Task requirements —
From the first line of the data below through the line holding "Передняя решетка Volvo", output each line exactly and leave the pictures out.

Provided data —
★ ★ ★
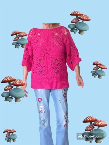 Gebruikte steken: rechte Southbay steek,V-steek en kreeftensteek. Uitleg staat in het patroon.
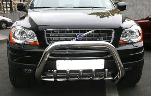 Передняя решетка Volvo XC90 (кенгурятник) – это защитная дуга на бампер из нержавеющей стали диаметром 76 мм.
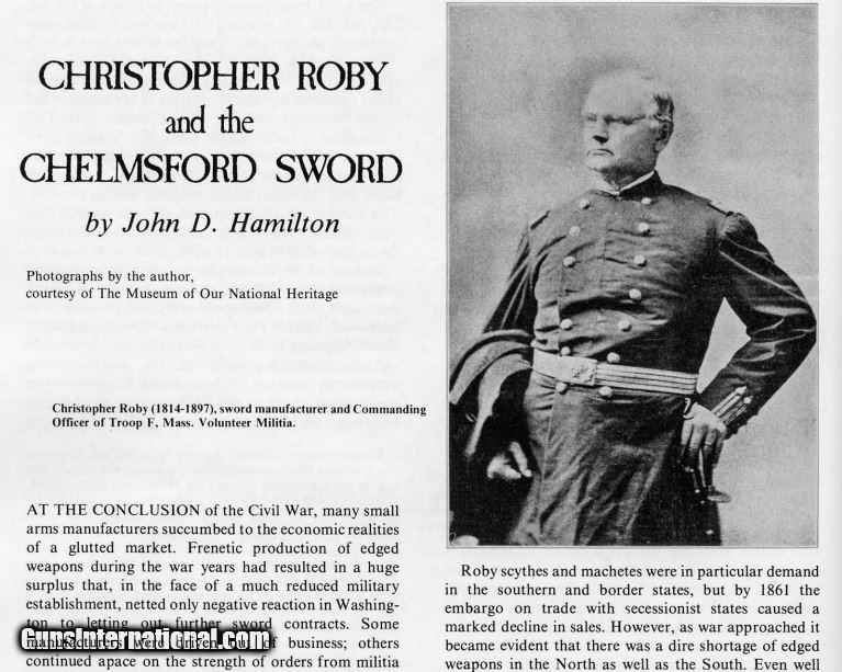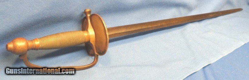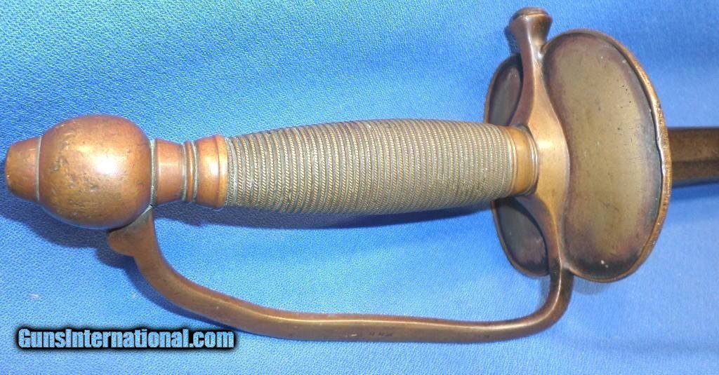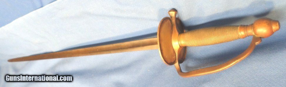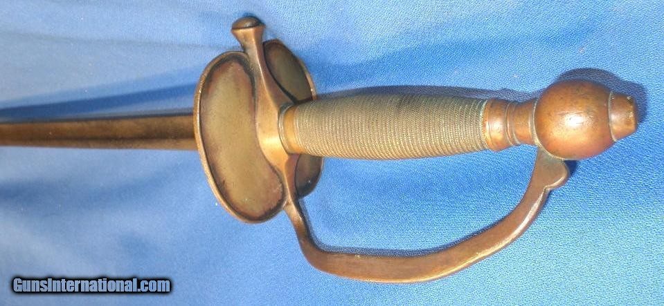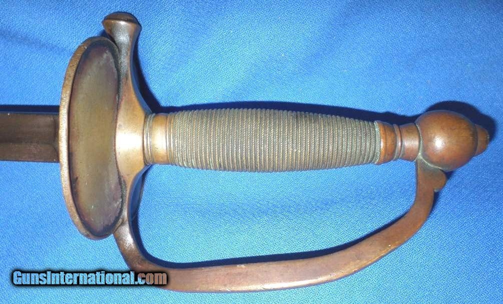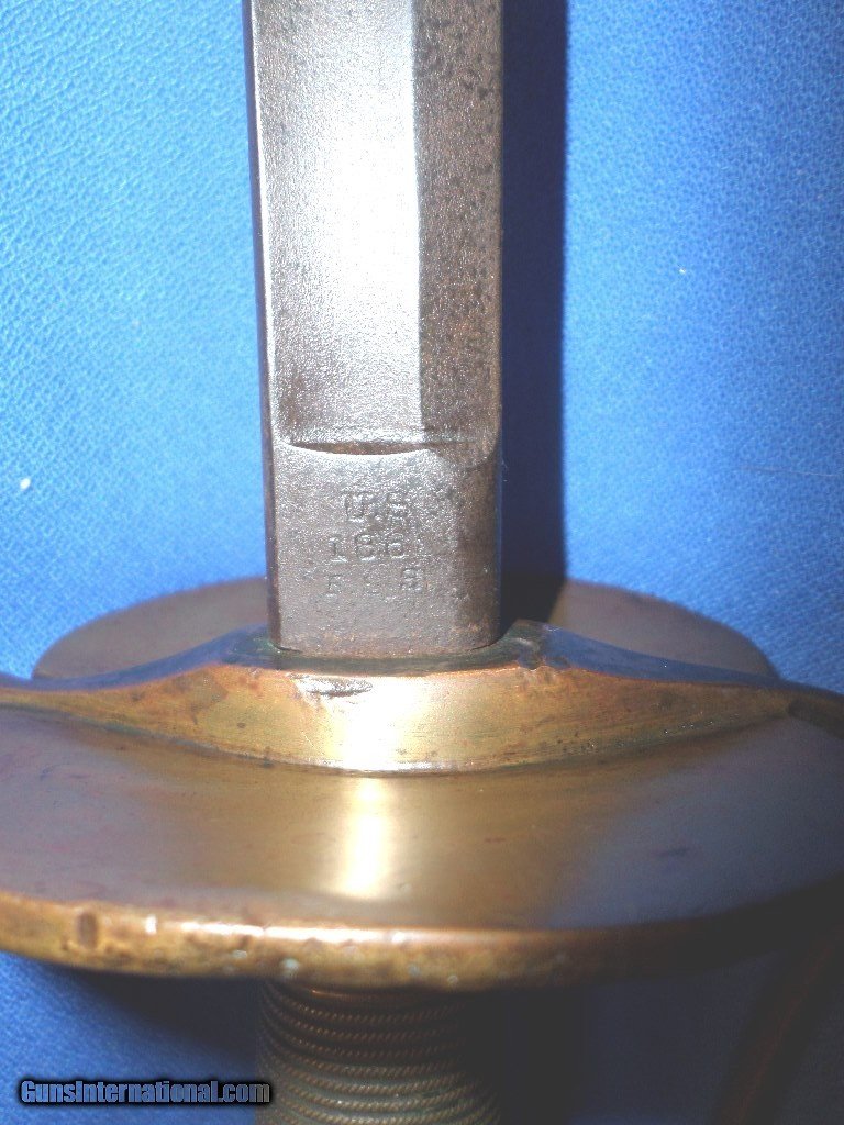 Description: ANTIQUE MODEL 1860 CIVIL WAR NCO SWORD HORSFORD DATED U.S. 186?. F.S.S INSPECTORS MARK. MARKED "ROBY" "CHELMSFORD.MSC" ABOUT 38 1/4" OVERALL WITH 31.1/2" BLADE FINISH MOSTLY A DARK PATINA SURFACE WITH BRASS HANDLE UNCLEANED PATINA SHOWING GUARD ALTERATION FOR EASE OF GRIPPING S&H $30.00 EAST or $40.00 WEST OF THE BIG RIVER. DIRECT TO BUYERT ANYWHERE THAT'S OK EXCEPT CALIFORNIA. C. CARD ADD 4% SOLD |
★ ★ ★
Solution for this exercise —
 Gebruikte steken: rechte Southbay steek,V-steek en kreeftensteek. Uitleg staat in het patroon.
 Передняя решетка Volvo XC90 (кенгурятник) – это защитная дуга на бампер из нержавеющей стали диаметром 76 мм.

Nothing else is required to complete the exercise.